Ultimes réponses de Raoul Marc Jennar aux partisans du tirage au sort
Jeudi 28 juillet 2011, par
Je dispose enfin d’un peu de temps pour fournir mes commentaires aux multiples opinions qui ont suivi mon texte de présentation. Je ne reviendrai pas sur la forme sentencieuse et parfois grossière de certaines réactions. De tels échanges sont cependant très révélateurs des difficultés qu’on rencontre, en France, pour conduire un débat dans la sérénité et le respect des interlocuteurs. Le désir légitime de convaincre ne peut faire oublier que nous ne sommes détenteurs que d’opinions et non de vérités absolues.

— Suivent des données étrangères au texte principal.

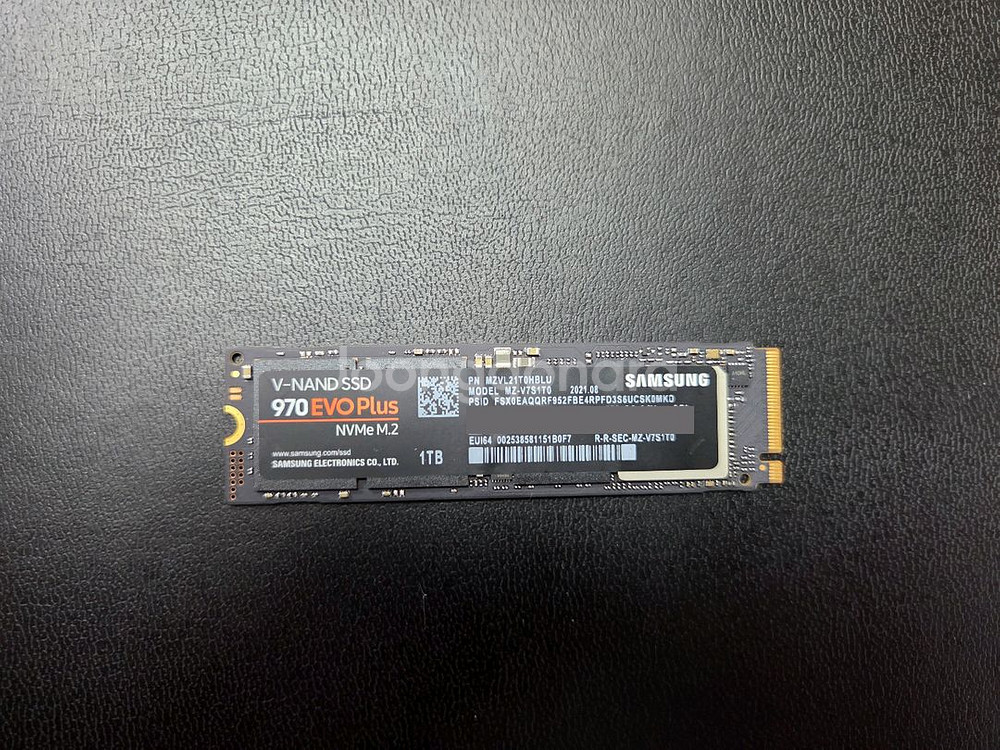 삼성 970 EVO Plus M.2 NVMe SSD 1TB 팝니다. 보증기간 2026년 8월까지 NVM Express, PCIe 3.0 × 4 TLC/DRAM/SLC캐시(42GB) 최대 (읽기)3,500MB/s (쓰기)3,300MB/s 600TBW, 잔존수명 99.75% (쓰기 약 1.5TB)

Je ne prétends pas répondre à la centaine de pages que représentent les commentaires à mon texte initial. Je reprendrai ici quelques arguments qui m’ont été opposés. Sans répéter ce que j’ai déjà écrit à la fois dans le texte de présentation et dans mes réponses précédentes. Je postule que l’honnêteté intellectuelle de mes contradicteurs les conduira naturellement à se souvenir de mes objections et de mes propositions.
Je voudrais, avant toute chose, faire une mise au point. Samuel Schweikert m’a fait le reproche d’une "analyse parcellaire"et "superficielle", "dogmatique", et de "jeter en pâture des questions à un lecteur qui potentiellement n’est pas armé intellectuellement", allant jusqu’à me comparer à l’occupant de l’Elysée, ce qui, beaucoup en conviendront, n’est pas un compliment. Mais c’est loin d’être le seul propos désobligeant dont son argumentation, apparemment rigoureuse, est émaillée. A chacun sa manière de débattre.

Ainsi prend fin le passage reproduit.